This No Bake Pumpkin Cheesecake Recipe is the perfect holiday dessert. Easy gingersnap crust with a creamy pumpkin cheesecake filling chock full of chocolate chips!
For the crust
- 2 1/2 cups Gingersnap Cookie Crumbs
- 2/3 cup unsalted butter, melted
For the filling
- 2 packages (8 oz each) cream cheese, softened
- 1 can (14 oz) sweetened condensed milk
- 1 cup canned pumpkin puree
- 1 Tbsp lemon juice
- 1 1/2 tsp cinnamon
- 1/4 tsp ground cloves
- 1/4 tsp ground nutmeg
- 12 oz Cool Whip, thawed
- 1/4 cup mini semi- sweet chocolate chips
- In a food processor, pulse gingersnap cookies until fine crumbs. You’ll need 2 1/2 cups of crumbs. Add in melted butter and mix with a fork.

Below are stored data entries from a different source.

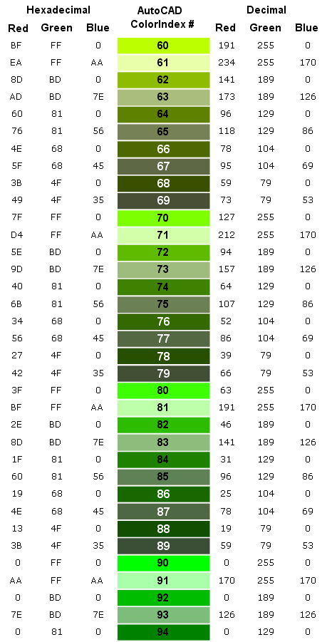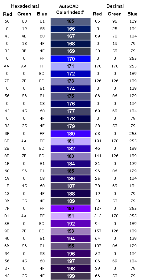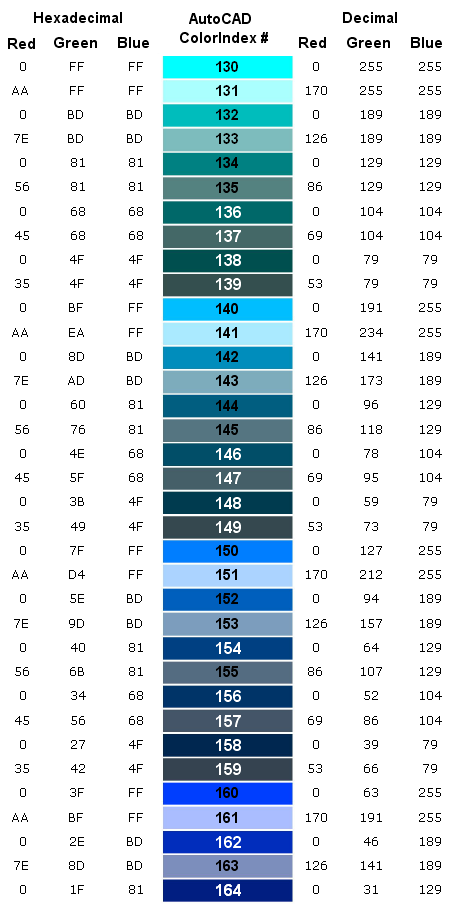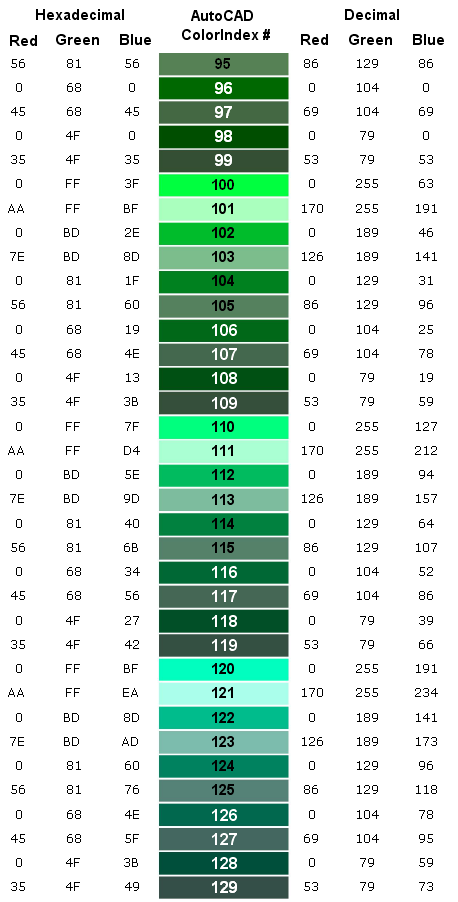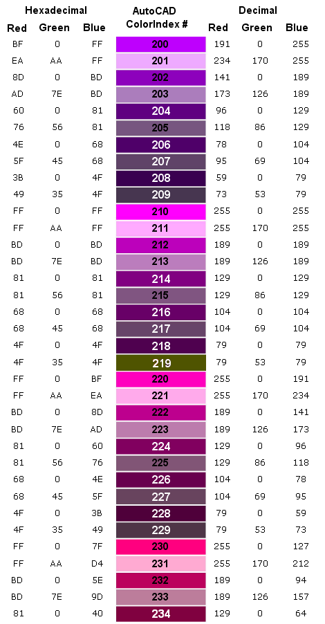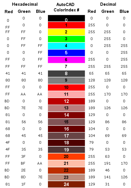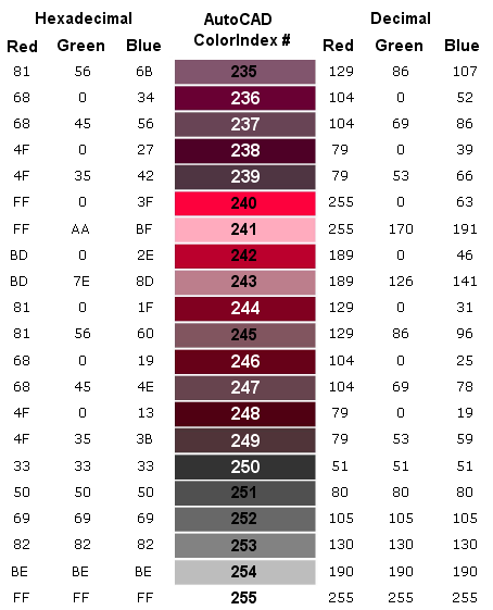 В приведенных ниже таблицах содержатся коды RGB шестнадцатеричной и десятеричной системы для 256 цветов в Цветовом индексе AutoCAD (числа 0-255). Кодировка цветов и сами цвета также показаны в каждом ряду для с соответствующим номером Цветового индекса AutoCAD (ACI).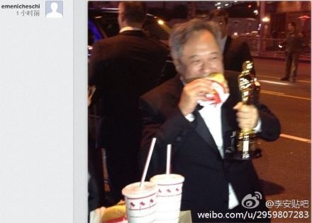 李安在街頭吃漢堡不忘緊緊握著小金人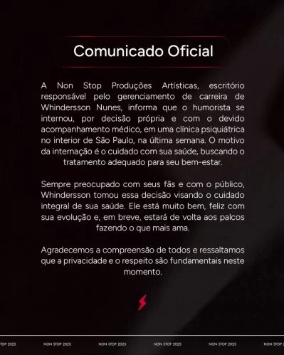 “Sempre preocupado com seus fãs e com o público, Whindersson tomou essa decisão visando o cuidado integral de sua saúde. Ele está muito bem, feliz com sua evolução e, em breve, estará de volta aos palcos fazendo o que mais ama”, afirmou o comunicado.

- Press crust into the bottom of two pie plates.
- In a large mixing bowl, combine cream cheese with sweetened condensed milk. Beat until fluffy, about 3-4 minutes, scraping down the sides of the bowl as needed.
- Add in pumpkin puree, lemon juice, cinnamon, cloves, and nutmeg. Beat until combined.
- Fold in Cool Whip and chocolate chips. Pour into prepared crusts, dividing filling evenly between the two pies.
- Refrigerate pumpkin cheesecake for at least 3 hours or overnight. Slice and ENJOY.